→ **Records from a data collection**
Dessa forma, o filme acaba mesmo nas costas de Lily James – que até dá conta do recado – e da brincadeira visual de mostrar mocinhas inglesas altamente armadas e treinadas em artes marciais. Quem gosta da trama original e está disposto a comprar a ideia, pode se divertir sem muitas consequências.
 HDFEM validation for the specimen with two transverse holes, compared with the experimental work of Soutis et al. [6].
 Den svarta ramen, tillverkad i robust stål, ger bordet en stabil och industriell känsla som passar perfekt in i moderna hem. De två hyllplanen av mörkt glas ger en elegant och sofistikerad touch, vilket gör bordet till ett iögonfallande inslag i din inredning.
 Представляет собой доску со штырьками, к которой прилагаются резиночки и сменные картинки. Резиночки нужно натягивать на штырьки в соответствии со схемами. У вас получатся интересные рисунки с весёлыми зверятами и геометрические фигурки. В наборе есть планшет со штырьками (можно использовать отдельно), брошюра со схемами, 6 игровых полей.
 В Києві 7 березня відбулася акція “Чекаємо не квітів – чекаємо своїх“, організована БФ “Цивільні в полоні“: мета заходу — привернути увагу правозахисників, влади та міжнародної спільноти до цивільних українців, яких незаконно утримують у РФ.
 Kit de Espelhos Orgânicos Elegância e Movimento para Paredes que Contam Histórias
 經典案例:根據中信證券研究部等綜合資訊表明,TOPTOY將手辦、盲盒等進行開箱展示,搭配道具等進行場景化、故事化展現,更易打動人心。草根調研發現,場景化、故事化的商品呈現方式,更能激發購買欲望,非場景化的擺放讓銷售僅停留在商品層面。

* * *

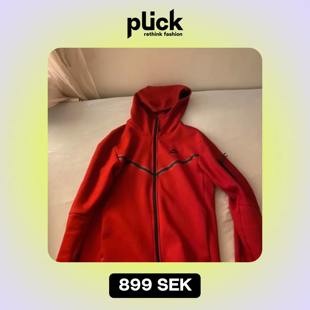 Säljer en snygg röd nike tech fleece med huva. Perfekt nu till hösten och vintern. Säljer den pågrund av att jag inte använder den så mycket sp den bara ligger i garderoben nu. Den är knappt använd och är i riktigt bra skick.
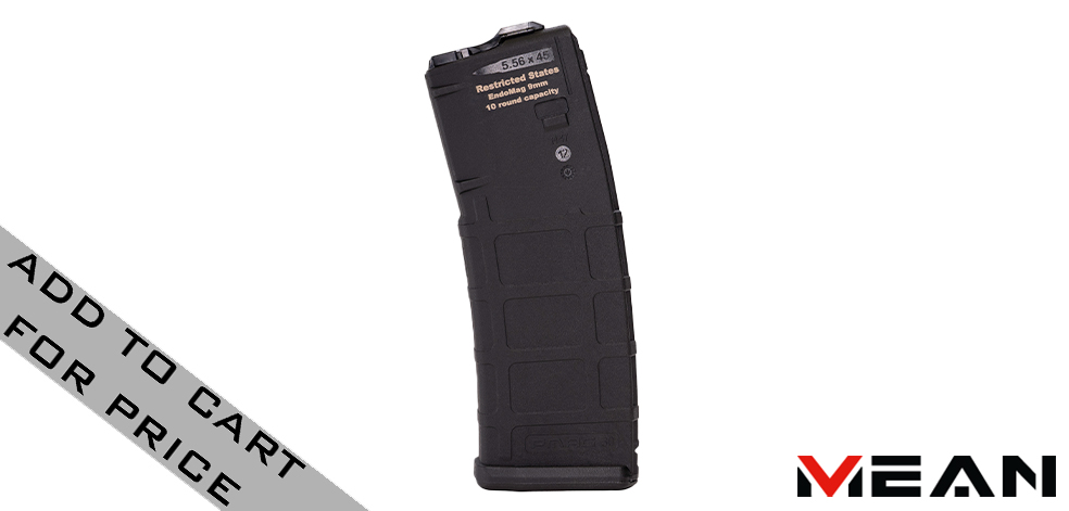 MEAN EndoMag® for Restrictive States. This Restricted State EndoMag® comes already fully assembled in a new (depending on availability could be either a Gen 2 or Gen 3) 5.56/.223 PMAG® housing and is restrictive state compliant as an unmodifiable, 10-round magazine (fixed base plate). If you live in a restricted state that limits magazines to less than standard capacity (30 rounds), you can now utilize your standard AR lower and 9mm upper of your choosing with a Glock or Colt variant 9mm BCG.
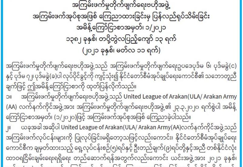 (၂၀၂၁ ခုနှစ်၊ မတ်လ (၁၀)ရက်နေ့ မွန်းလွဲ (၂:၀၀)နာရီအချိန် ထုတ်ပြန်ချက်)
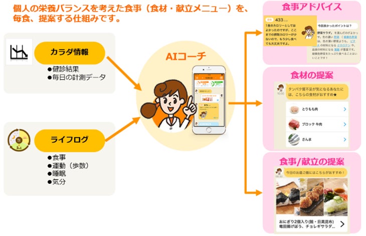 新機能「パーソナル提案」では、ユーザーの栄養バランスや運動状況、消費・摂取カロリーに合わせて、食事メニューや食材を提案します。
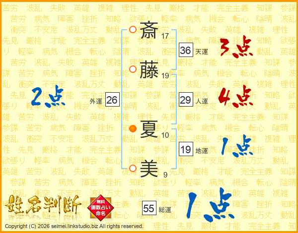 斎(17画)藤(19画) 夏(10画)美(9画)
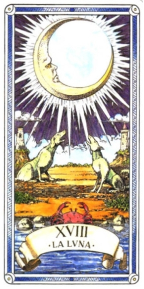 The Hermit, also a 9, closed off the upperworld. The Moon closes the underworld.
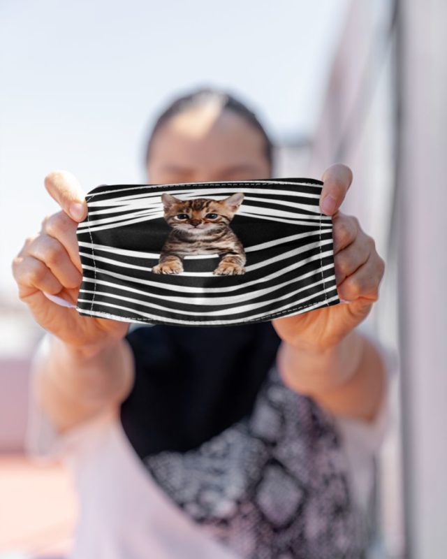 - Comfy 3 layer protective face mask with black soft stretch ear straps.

→ **Required work**
Please repeat, exactly as written, the lines in the records above, starting with the one that has "The Hermit, also" and going on through the one that has "- Comfy 3 layer". Pictures are to be left out.

→ **Answer space**
 The Hermit, also a 9, closed off the upperworld. The Moon closes the underworld.
 - Comfy 3 layer protective face mask with black soft stretch ear straps.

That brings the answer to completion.